A sign of personal maturity occurs when the individual starts to recognize that he or she is part of a family and that with rights comes responsibility. There is an awareness that it’s not just about me or I but “we” and that instead of asking what the family can do for me, I should be asking what can I do for the family.

So for tourism to be considered mature, it needs to ask the same question.

“Ask not what the community needs to do for tourism, ask what tourism can do for your community”

Conscious Travel is about helping the 99% of the tourism community – all the operators of the small businesses that contribute to a visitor’s experience of a place — to wake up and assume responsibility for their own destiny and for contributing to the community in which they live and work.

The act of waking up and growing up go hand in hand.

It’s also time to recognize that growth cannot continue indefinitely. In nature, there comes a time when more is replaced with better. Once a point of maturity is reached, change is about qualitative development – we become more balanced; more efficient, more wise.

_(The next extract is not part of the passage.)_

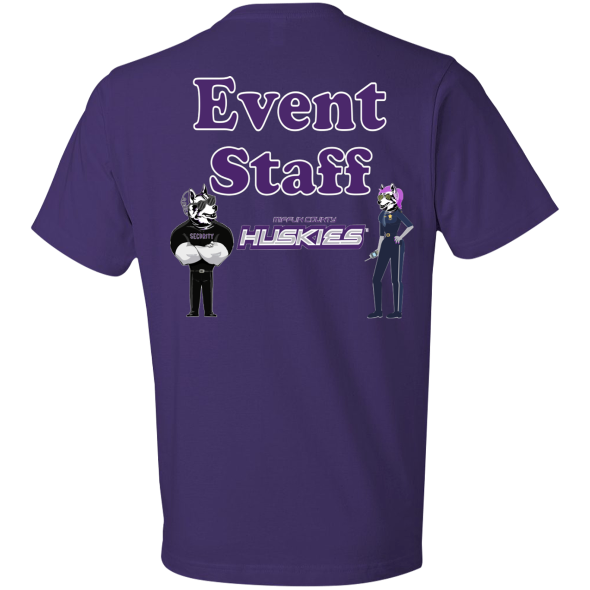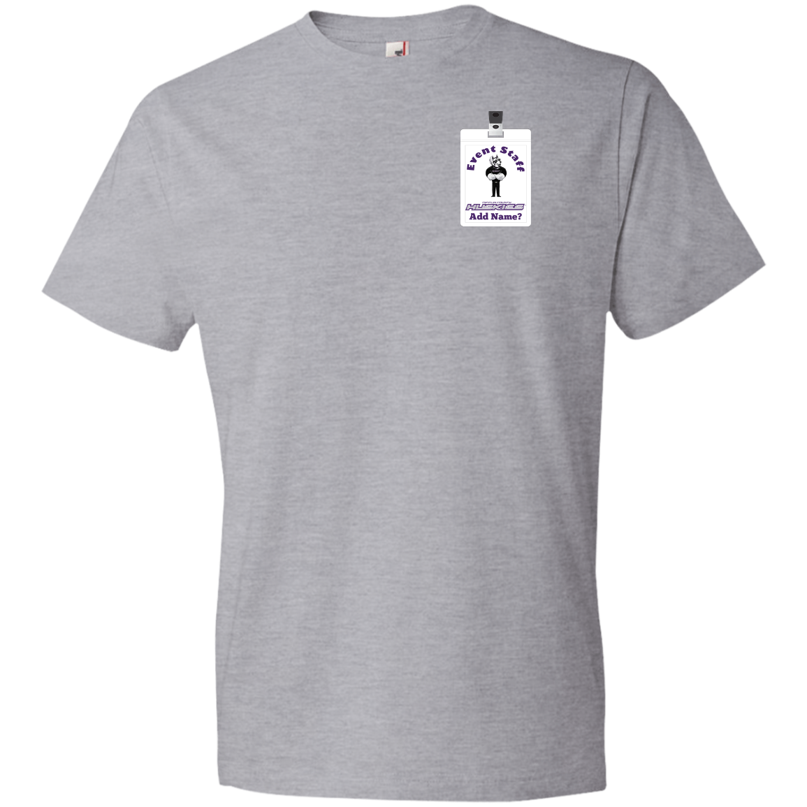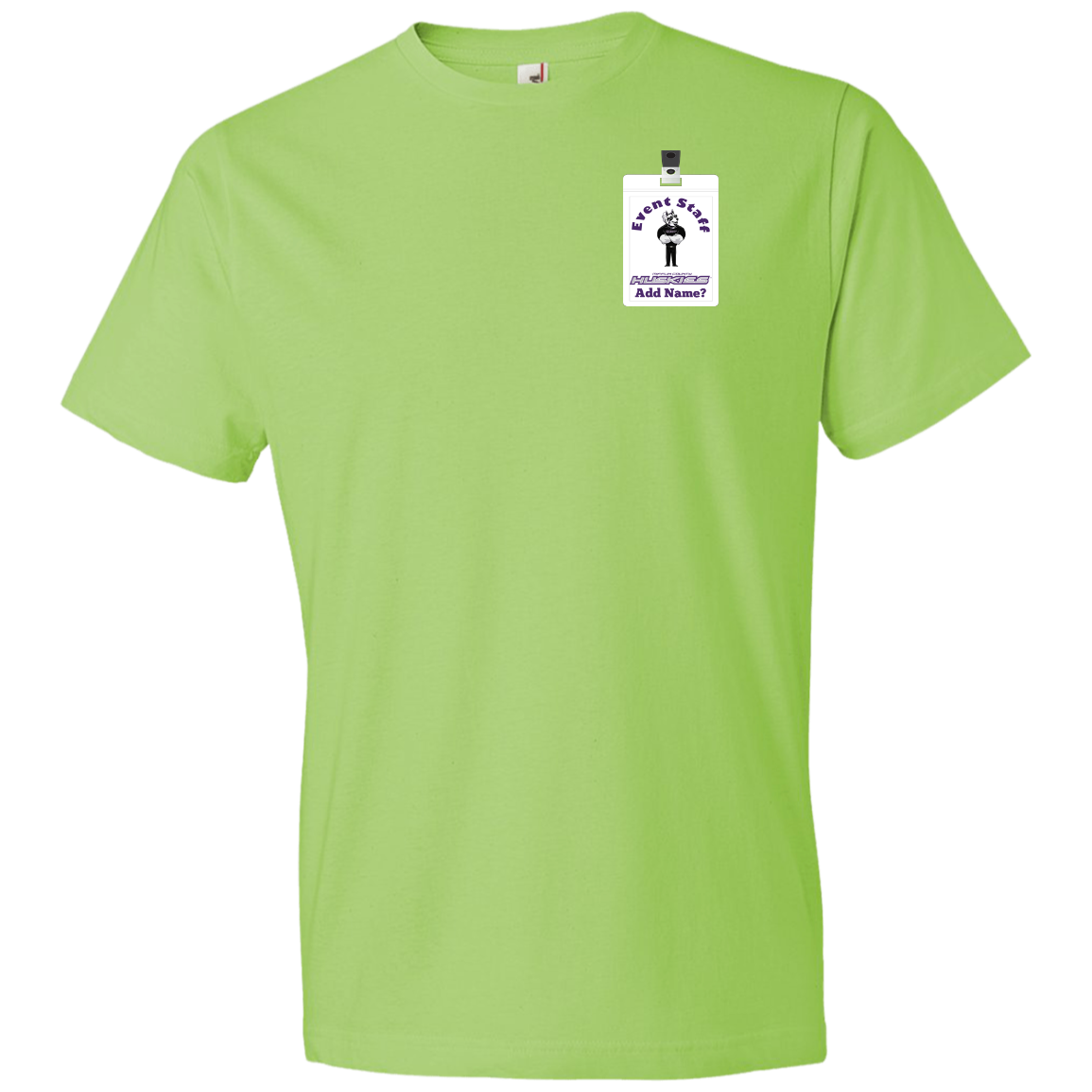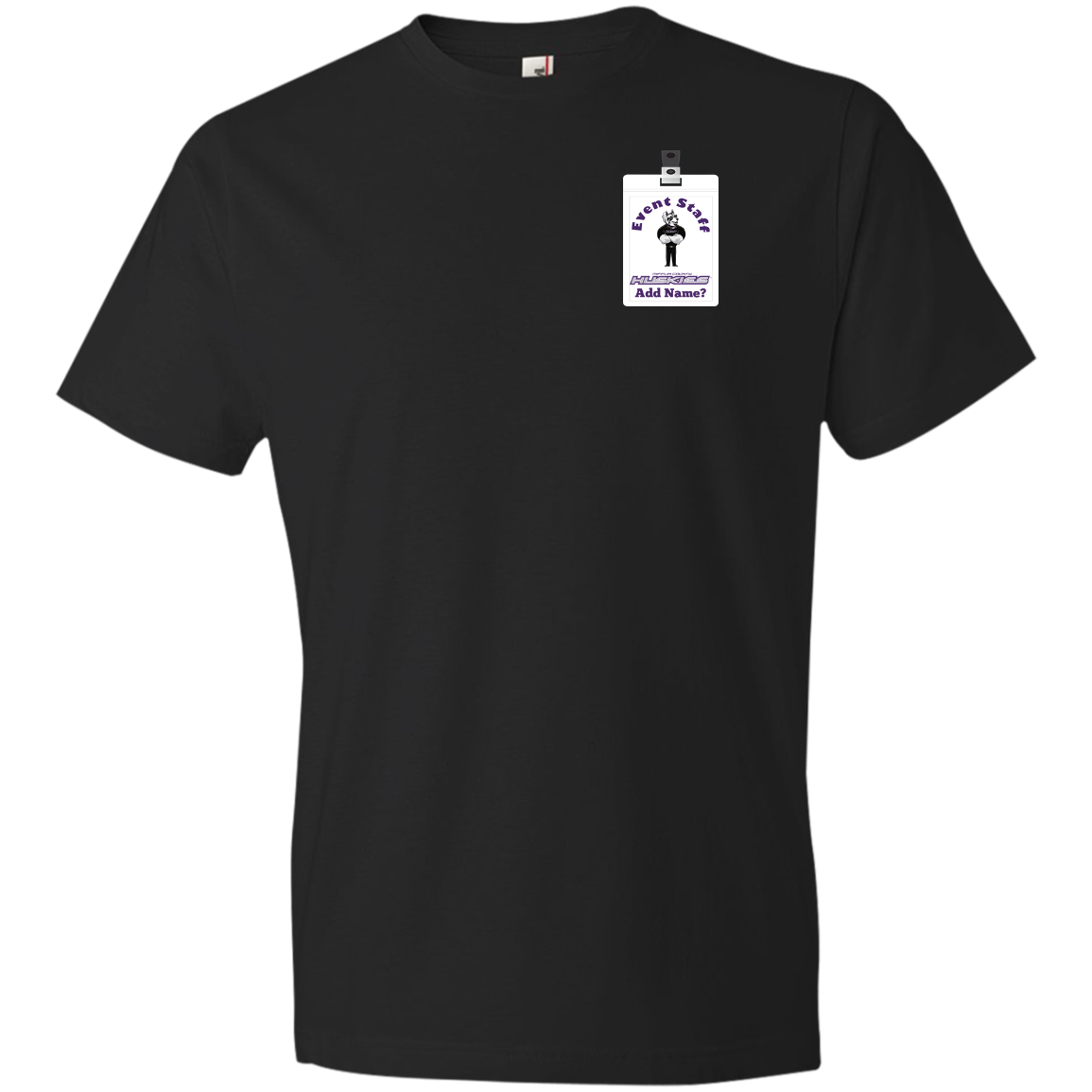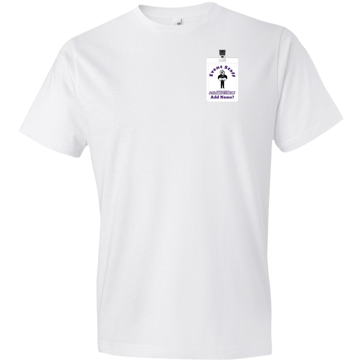 Non-Embroidered shirts that have a graphics in the front left may be customized with either purple or white text (look for "Personalize" or "Personalization").  Buyer should pick a nice contrast to the chosen apparel's color, so the text stands out and is easy to read.

The industrial model which fuelled our growth for the past 60 years needs now to switch gears and focus from quantitative growth to qualitative development – from more to better. But that won’t happen unless we come together to realize the need for such a shift and to share ideas and dreams about how to make that shift.

That’s what’s happening in virtually every other sector of society right now. A few years ago, Paul Hawken could talk to the Bioneers and suggest that the great transition is taking place under the radar (see his inspiring and encouraging 9 minute video here)

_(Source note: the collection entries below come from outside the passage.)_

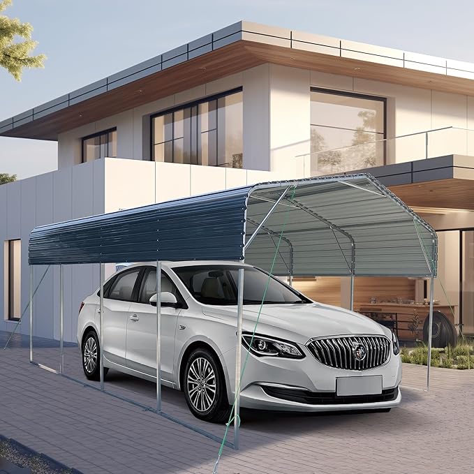 - This metal carport is incredibly versatile and can be transformed into a shaded outdoor lounge, a workspace, or additional storage for tools and equipment. It blends seamlessly into any outdoor setting.
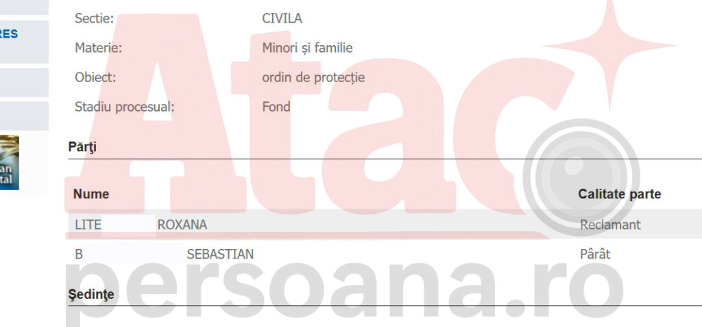 După ce Roxana Lite a cerut emiterea unui ordin de protecție, judecătorii s-au trezit în fața unei situații delicate: agresorul locuiește chiar lângă reclamantă, cei doi având acces în bloc prin aceeași scară! Așa că magistrații s-au văzut nevoiți să facă o precizare rar întâlnită în cazurile de emitere a unor ordine de protecție. Mai exact, au dispus ca, la intrarea în bloc, agresorul „să păstreze o distanţă de cel puţin doi metri faţă de reclamantă”.
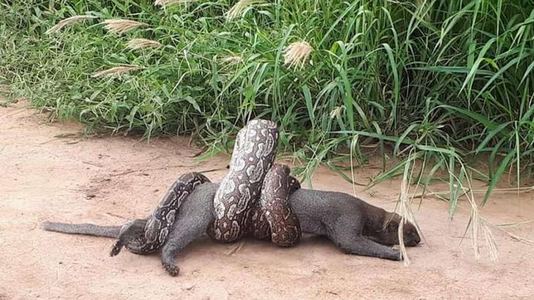 El episodio se registró en los últimos días y las imágenes y videos se viralizaron rápidamente. La serpiente asfixiaba al felino, que parecía sin escapatoria.
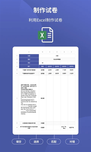 了制作试卷的功能,无需电脑就能动手编制题目。手机里制作的试卷还可以随时导出成Excel文件,以便能在电脑上继续更改。
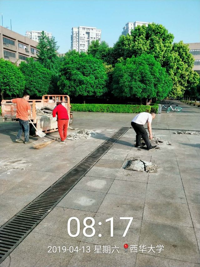水电管理服务中心全员出动,管道维修班、综合区电力维修班连续多天坚守岗位,对五教、六教周围的路灯和卓越广场喷泉头进行检修及更换。维修中心对卓越广场地砖进行了全面排查,修补了多处损坏严重的地砖及喷泉池内立面花岗石,清理了水泵池内淤泥,协助开辟沟槽,铺设电缆线路。绿化环卫服务中心对卓越广场进行校园环境卫生整治,彻底清洗喷泉池及周围路面,修剪花台绿篱及草坪,协助进行水泵池抽水作业。在活动当天,中心员工坚守岗位,积极配合节目组控制喷泉及其他现场工作。
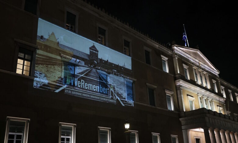 Φωταγωγήθηκε η Βουλή στη μνήμη του Ολοκαυτώματος
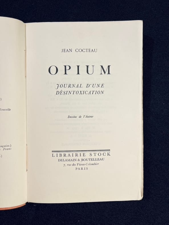 Un volume in 12°, reliure souple éditeur, 270 pages avec de nombreux dessins hors-texte de Jean COCTEAU. “J’ai supprimé les dessins faits sous prétexte de me distraire, écrit-il en avant propos, Bon gre, mal gré, ils sentaient le travail plastique... , Je relate une désintoxication: blessure au ralenti.”Edition courante, exemplaire TRES BON ETAT.
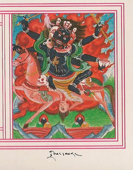 Her tülku manifestations appear with a dark blue body with three faces, six arms and riding either a black mule or a red mule. She can manifest in whatever way is necessary to give her protection and support.

That was then. TODAY, such revolutionary talk of change is being openly discussed in the hallowed halls of the World Economic Forum, no less!!  If you look at the Storify summary of tweets from the World Economic Forum in Davos yesterday (October 10th) you’ll see that the 1% might,  in fact,  getting the message. Klaus Schwab opened the #WEF agenda by talking about the need for new taxation and lifestyle models that reduce ecological harm: a focus beyond growth to quality of growth; a more holistic approach and new models to cope with the speed of technological change.

It’s time for tourism to be showing such willingness to put on fresh lenses and think new brave thoughts based on a different way of seeing and believing. 

It’s based on a belief that to change our own personal behaviour we need to make small but consistent changes every day; so then in the tourism community, a critical mass of enterprises and individuals will need to change the way they operate by thinking and acting differently.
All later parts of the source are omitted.